Wrist-worn sleep tracking devices, although popular, are not as reliable as polysomnography in measuring key sleep parameters such as total sleep time, sleep efficiency, and sleep latency. Physicians and consumers should be aware of their limitations and interpret results carefully, though they can still be useful for tracking general sleep patterns. Further improvements and clinical studies are needed to enhance their accuracy.

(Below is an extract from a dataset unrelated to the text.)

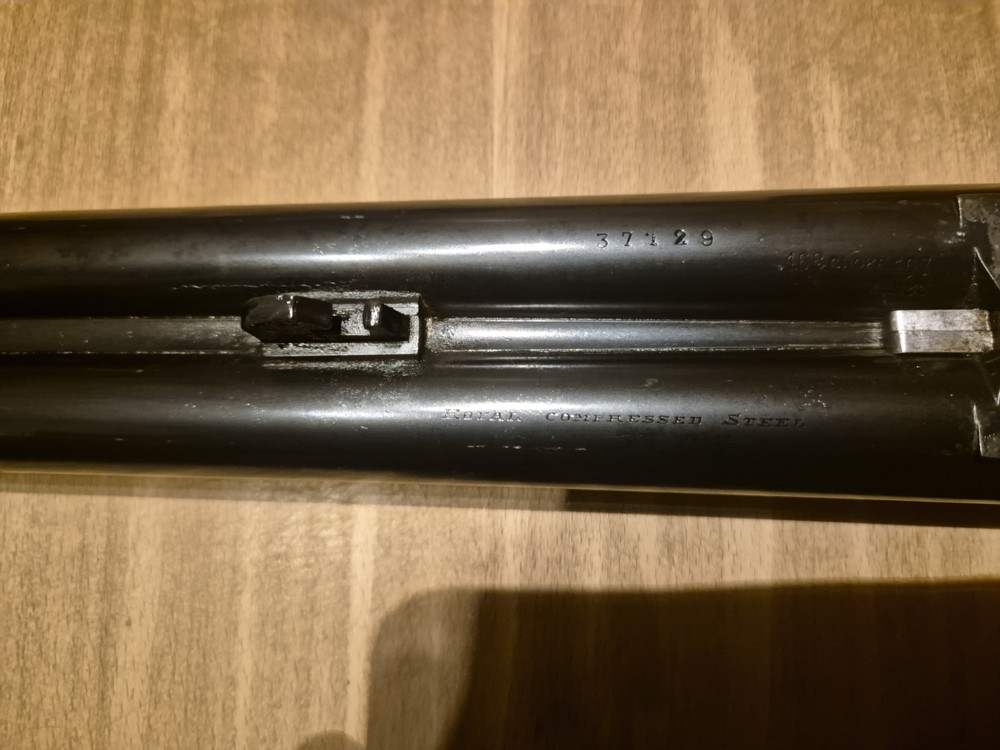 « Royal Compressed Steel » sur le canon : fabricant du canon. NB : les fusils de Forgeron connus sur le site possèdent des canons aux différents marquages (Cap, Falla, Royal Compressed Steel avec ou sans couronne), ce qui suggère qu’il avait recours à la sous-traitance pour les canons.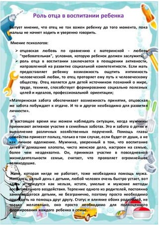 Документ обсуждает значимость отцовской роли в воспитании детей, подчеркивая, что отцовская любовь способствует развитию социальной компетентности и профессиональной ориентации. Автор отмечает, что активное участие мужчин в семейных делах необходимо для формирования уверенных и полных личностей детей. Также рассматриваются препятствия, мешающие мужчинам принимать участие в воспитании, и предлагаются способы улучшить совместное ведение домашнего хозяйства и обязательств в семье.

Lee YJ, Lee JY, Cho JH, Kang YJ, Choi JH. Performance of consumer wrist-worn sleep tracking devices compared to polysomnography: a meta-analysis. 2025;21(3):573-582.

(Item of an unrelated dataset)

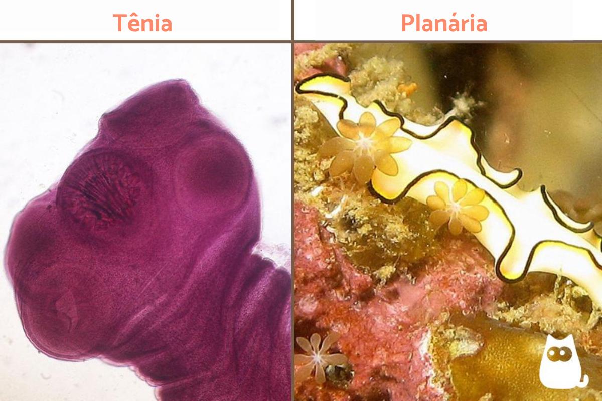 - Tênia (Taenia solium): enorme verme plano que parasita os porcos e os seres humanos.

随着人们越来越意识到睡眠的重要性并对监测自己的睡眠模式感兴趣,睡眠追踪设备的使用正在增加。市场上有许多此类设备,我们进行了一项荟萃分析,将消费者佩戴在手腕上的睡眠追踪设备的睡眠评分数据与多导睡眠图进行比较,以验证这些设备的准确性。
我们检索了截至2024年3月的SCOPUS、EMBASE、Cochrane图书馆、PubMed、Web of Science、KoreaMed和OVID Medline数据库中的研究。我们比较了参与者的个人数据和客观睡眠参数信息。
从24项研究中,分析了使用Fitbit、Jawbone、myCadian手表、WHOOP腕带、Garmin、Basis B1、Zulu手表、Huami Arc、E4腕带、Fatigue Science Readiband、Apple Watch或小米手环5的798名患者的数据。在总睡眠时间(平均差,-16.854;95%置信区间,[-26.332;-7.375])、睡眠效率(平均差,-4.691;95%置信区间,[-7.079;-2.302])、睡眠潜伏期(平均差,2.574;95%置信区间,[0.606;4.542])以及睡眠开始后的觉醒时间(平均差,13.255;95%置信区间,[4.522;21.988])方面,所有消费者睡眠追踪设备与多导睡眠图之间存在显著差异。在亚组分析中,Fitbit与多导睡眠图在睡眠开始后的觉醒时间方面无显著差异。其他设备与多导睡眠图在睡眠潜伏期方面也无显著差异。Fitbit测量的睡眠潜伏期比其他设备长,其他设备测量的睡眠开始后的觉醒时间长。根据Begg和Egger检验,在总睡眠时间和睡眠效率方面不存在发表偏倚。
手腕佩戴式睡眠追踪设备虽然很受欢迎,但在测量总睡眠时间、睡眠效率和睡眠潜伏期等关键睡眠参数方面不如多导睡眠图可靠。医生和消费者应意识到其局限性并谨慎解读结果,不过它们在追踪一般睡眠模式方面仍可能有用。需要进一步改进和进行临床研究以提高其准确性。
Lee YJ, Lee JY, Cho JH, Kang YJ, Choi JH. 消费者手腕佩戴式睡眠追踪设备与多导睡眠图的性能比较:一项荟萃分析。2025;21(3):573 - 582。